A group from Imperial College London has developed an approach that combines artificial intelligence (AI) with more traditional mechanistic models, to predict the yields and critical quality attributes of antibody products.
“These sorts of tools might help [drug developers] develop processes faster and explore different process conditions without exhaustive experiments,” explains Cleo Kontoravdi, PhD, an associate professor in biosystems engineering at Imperial College. “And, for manufacturers, our work can help them with regulatory approval where they need to show they have a good handle on [product] quality and reproducibility.”
Traditionally, some companies use mechanistic models to predict glycosylation and other critical quality parameters, Kontoravdi points out. However, these models are time-consuming to develop and require good knowledge of processes taking part in cells.
In contrast, other companies have a highly-AI-driven approach, but they still often rely on cumbersome experimental measurements, she says.
Tapping into a neural network
Kontoravdi and her team developed a mechanistic model using in-house and published data, and then fed the results into a neural network—a type of AI—which modeled how cells use components of culture media to produce and decorate antibodies with sugars.
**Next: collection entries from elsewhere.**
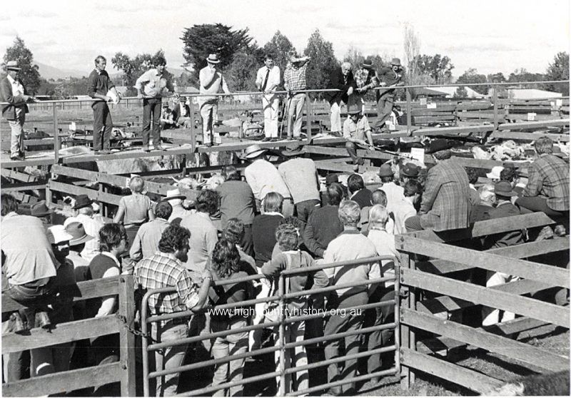 Mansfield stock sale yards – cattle sales. (Three views) Also see VMHSP1636a (same as VMHSP0133) and VMHSP1636b (same as VMHSP3700) – facing the crowd: John Ash and Brian Rodwell in centre; third from left – Stephen Purcell (Gippsland and Northern Co); fifth from left – Lindsay Mathieson; third from right hand end – Jack Purcell.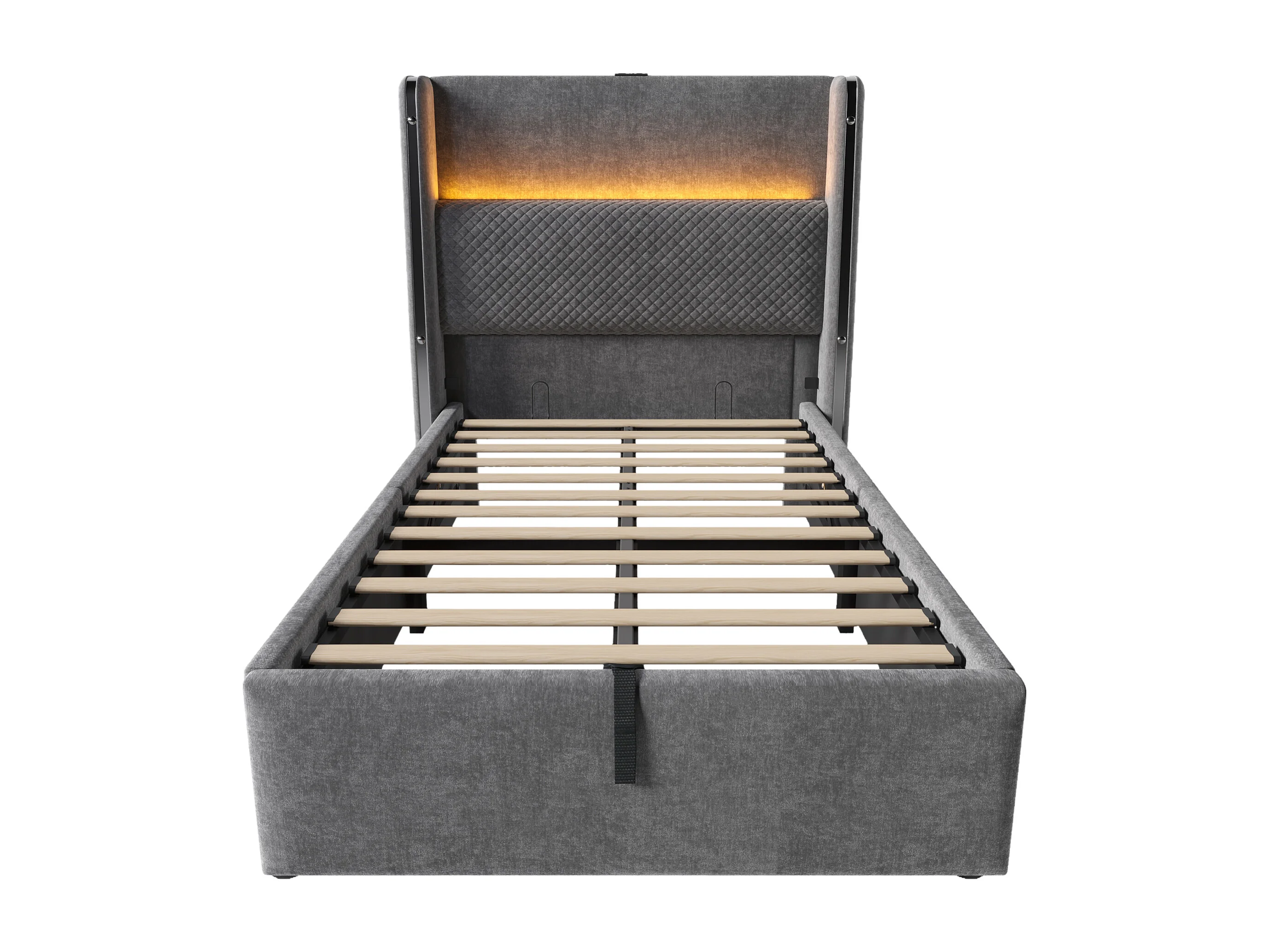 90 x 200 cm Stauraumbett – Einzelbett mit LED-Beleuchtung und USB-/Typ-C-Anschlüssen – graue Bettwäsche – Matratze inklusive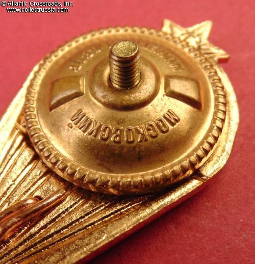 Brass, enamels; measures 47.3 mm in height not including the pendant, 21.7 mm in width. Shows late-style round Moscow mint logo on the reverse.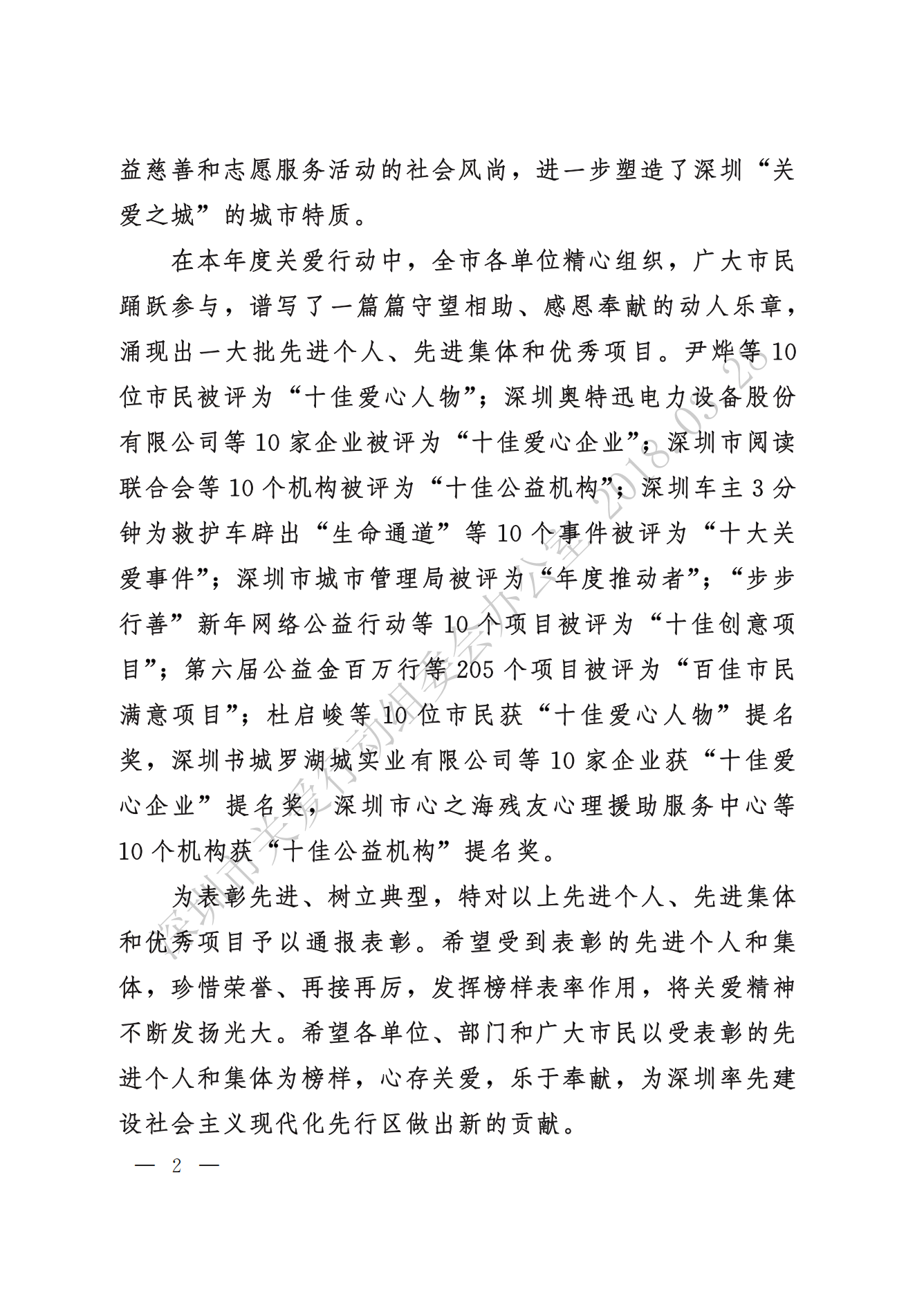 關(guān)于表彰2018深圳關(guān)愛(ài)行動(dòng)先進(jìn)個(gè)人、先進(jìn)集體和優(yōu)秀項(xiàng)目的通報(bào)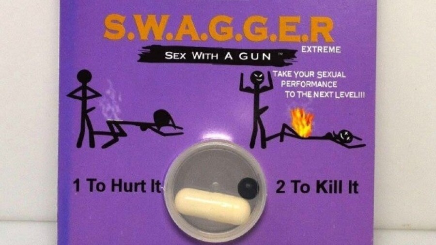The product, however, is billed as being part of the “next generation in herbal male enhancement” on its labeling, which also calls the pills equivalent to “sex with a gun.”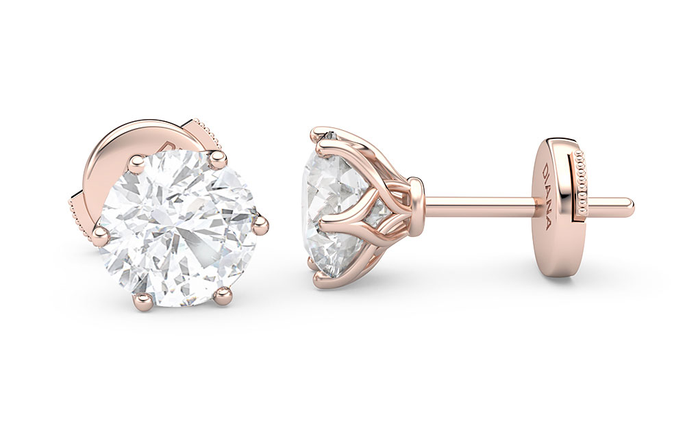 These stunning stud earrings feature a pair of brilliant round-cut diamonds and delicate floral detailing behind each stone. Complete with Swiss guardian backs which lock into place, these earrings offer maximum security.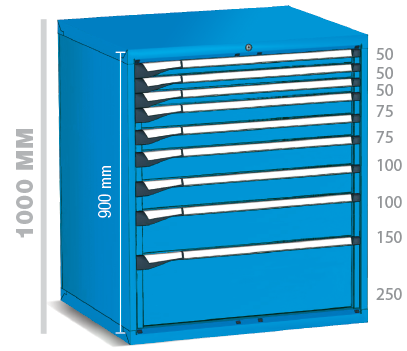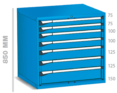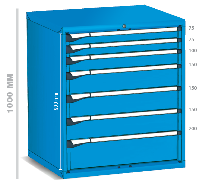 Los Armarios con cajones MASTER están fabricados en chapa de acero de alta calidad y pintados con pintura de alta resistencia para garantizar una durabilidad superior.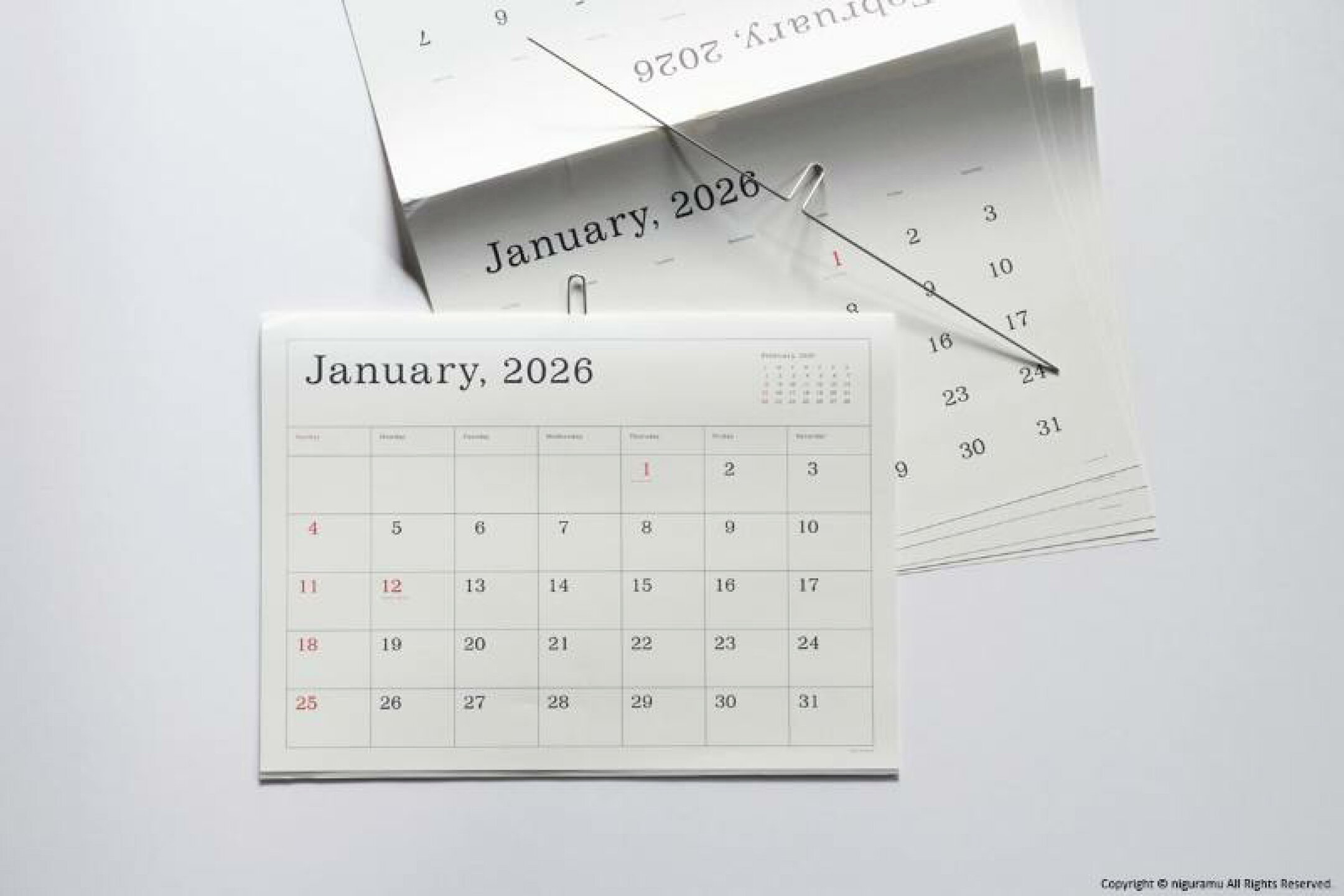 2026 葛西薫カレンダー, 罫線あり【ANDO GALLERY/アンド—ギャラリー】
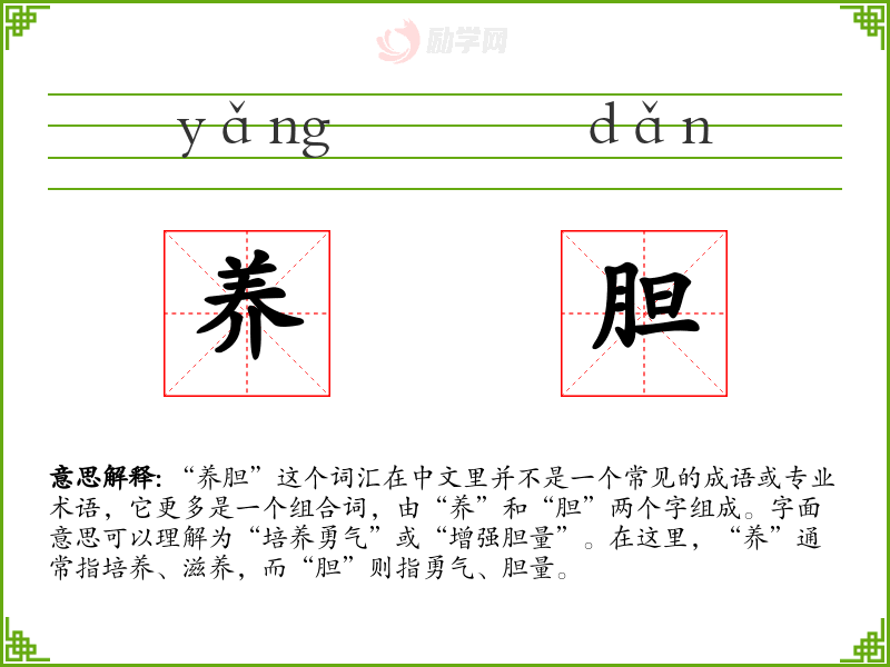 - 文学语境:在文学作品中,可能会用“养胆”来形容一个人通过某种方式或经历来增强自己的勇气和决心。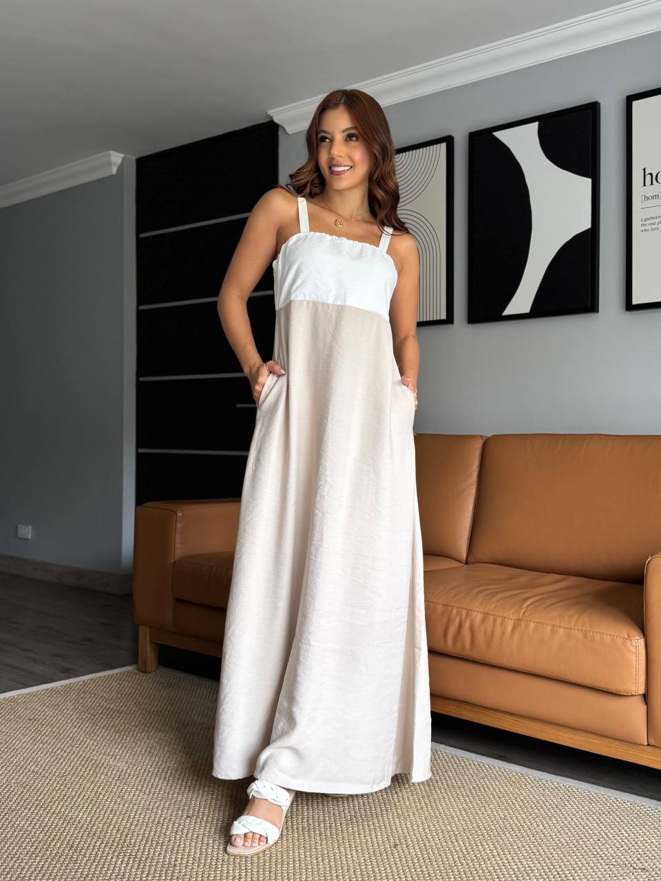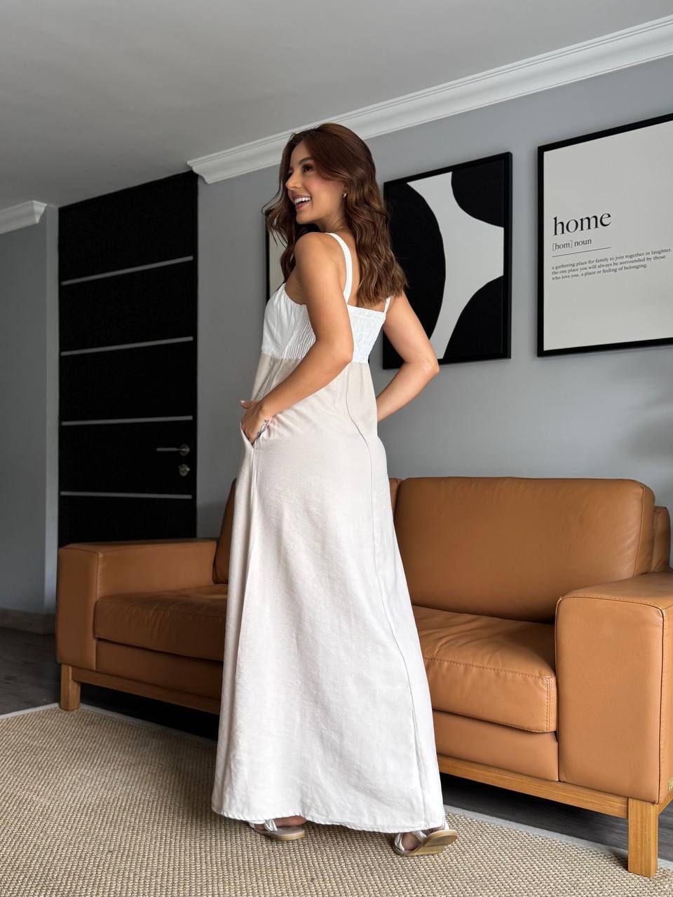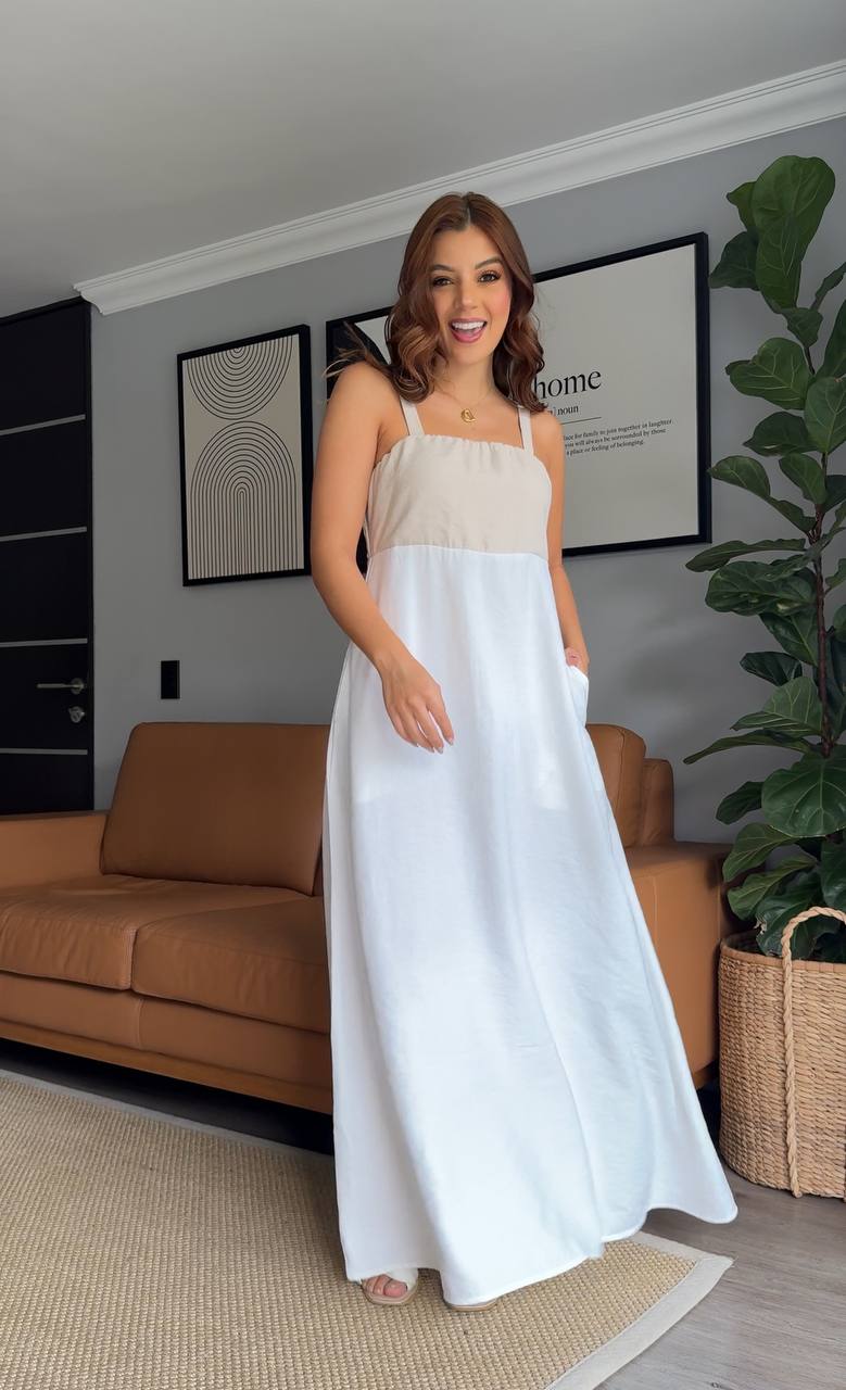 Vestido largo bi color con resorte en la espalda- Tela: mykonos- Tallas S-M- L

The team discovered that it reduced errors by 30% compared to a solely mechanistic model.
Unlike a mechanistic model, the neural network can also deal with more complex products, such as fusion proteins that have sugars attached to more than one site, because changes in sugars at any one site affect the 3D structure of the protein. “Sugars are linked to protein folding, so—if you change the 3D structure of a protein—all the model parameters go out of the window,” according to Kontoravdi.
The neural network could reliably predict the effect of up to four specific enzymes being knocked out in the cells, she continues: “It has very good predictability if you start modeling what happens when you modify cells in a site-specific way with CRISPR, which you’re not able to do with a mechanistic approach.”
The team is collaborating with several companies that have taken their approach in-house and applied it to their own data. Kontoravdi also predicts that such modeling will become more common in the future due to regulators in the U.S. and Europe wanting analytical data.